VPNs also offer greater speeds and SSL provides the security necessary to protect organisations from hackers and other vulnerabilities. “With the ubiquity of VPNs and SSL technologies today for remote access as well as the cost and security threat they present, modem pools should be gone,” she says. While Kossuth is a fan of totally eliminating the technology, some IT veterans say having a very limited number of modems could be part of a backup/disaster recovery remote access strategy.

5. Replacing CRT monitors with LCD monitors

Open the computer storage closet for many companies and you’re bound to see piles of CRT monitors spilling out. They also still represent the heavyweight of most desktop setups. However, as companies try to slim down the profile of the desktop and make it more condensed, flexible and portable, IT managers say thinner LCD monitors are the better choice. “CRT monitors are big, heavy and bulky; not the best combination for a desk or workspace,” the Southern Baptist Convention’s Sawyer says. She adds that flat-panel LCD monitors are improving every day. “LCDs are getting better and more reliable and costs are coming way down. This makes them affordable to any business and their lifespan is greater so their overall cost is lower.”

6. Replacing “older stuff” with newer, easier-to-manage technology

“Many of us have that one remaining NT server, or old Unix application running. Generally it’s something that has worked for years and doesn’t impact too many customers so we’ve never upgraded it,” Sawyer says. But even technologies that need little to no attention can still be costly in terms of licensing and can impede efforts to streamline the network. “Most likely these technologies are no longer supported nor are they compatible with newer technologies so it’s time to say goodbye,” she says.

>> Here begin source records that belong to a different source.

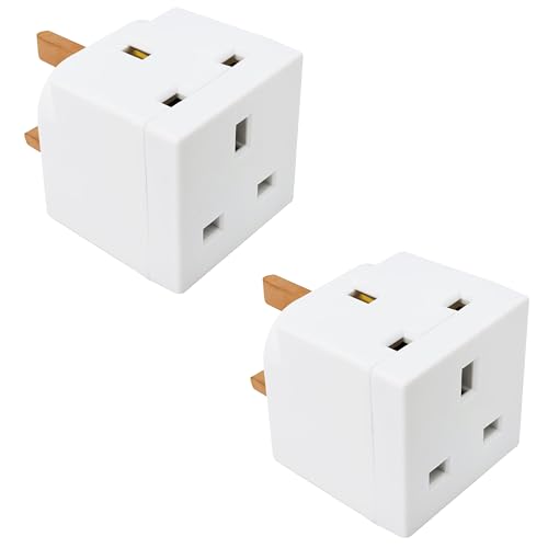 Double Dragon 2-Pack 13A 2-Way 3-Pin Multi Plug Adapter | Converts 1 Plug into 2 | Cube Wall Socket Splitter for Multiple Connections | Child Safety Shutters | UKCA & CE Certified
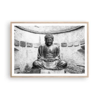 Obraz na płótnie - Czarno-biały posąg Buddy w medytacyjnej pozie - 70x100cm - U źródeł spokoju - Nowoczesna dekoracja ścienna do salonu i sypialni ARTTOR
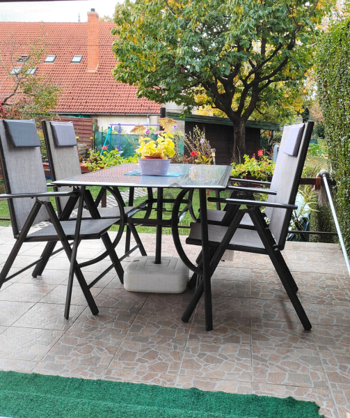 Az udvarban tárolóhelyiség is található, így a nyaraláshoz vagy a mindennapi élethez szükséges eszközök is kényelmesen elférnek. A kapubejárat mellett egy ponyvagarázs nyújt védelmet járművének.
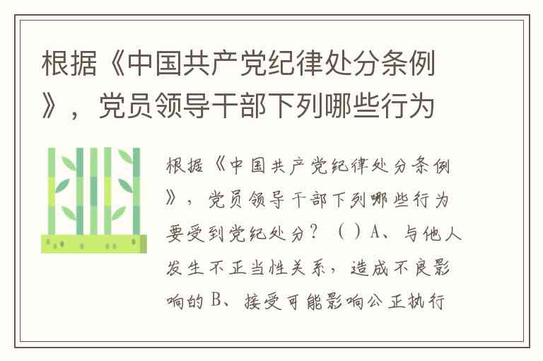根据《中国共产党纪律处分条例》,党员领导干部下列哪些行为要受到党纪处分?()A、与他人发生不正当性关系,造成不良影响的 B、接受可能影响公正执行公务的宴请 C、参加老乡会、战友会 D、购买超过规定标准的小轿车
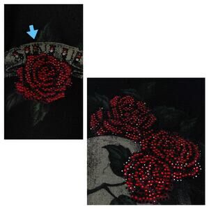 Y2K Sinful Rhinestone Black Ribbed Hooded Sweater Dress Goth Skull Roses Medium
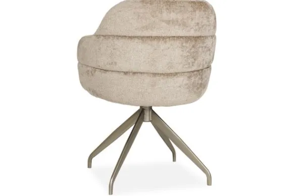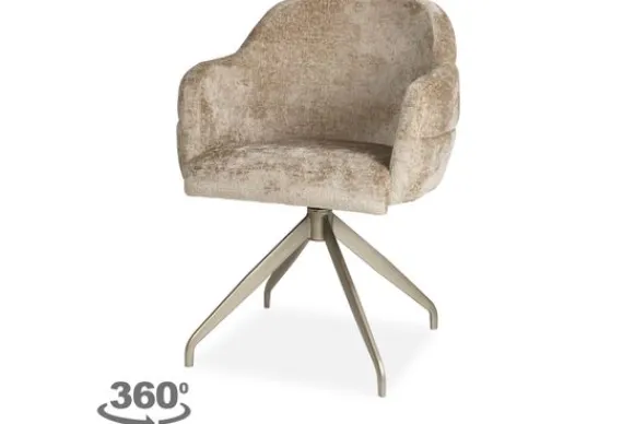 Eetkamerstoel Sigi van het merk Devira is verkrijgbaar in alle kleuren en verschillende materiaalsoorten zoals stof, velvet en rundleder. De horizontale stiksels op de achterkant van de stoel geven de stoel een chique uitstraling en hierdoor maakt de eetkamerstoel jouw zithoek compleet binnen meerdere stijlen. Je kunt ook heerlijk stevig zitten in de stoel dankzij de ronde armleuningen. De stoel heeft een gladde binnenkant, vertikale stiksels aan de buitenkant van de rugleuning en ronde armleuningen. Deze eetkamerstoel (zoals afgebeeld) wordt standaard geleverd met de 503 champagne metalen 360 graden draaispinpoot met terugdraaisysteem. Bij het terugdraaisysteem kun je de zitting van de stoel draaien en daarna zal deze uit zichzelf weer terugdraaien naar het midden.

She recommends bringing all technology up to speed and in line with your organisation’s enterprise strategy — such as an upgrade to a newer version of Windows Server if you’re a Windows shop. This allows IT to do volume licensing, streamline support and consolidate resources, all of which can result in significant cost savings.

Other technologies that IT pros have on their radar screens for annihilation: FTP in favour of virtual private networking and ubiquitous email encryption, and tape-based dictation machines in favour of digital recording programs. IT managers say walking around your organisation, looking in each office and storage closet and identifying aging technologies will reveal opportunities to save hard dollars.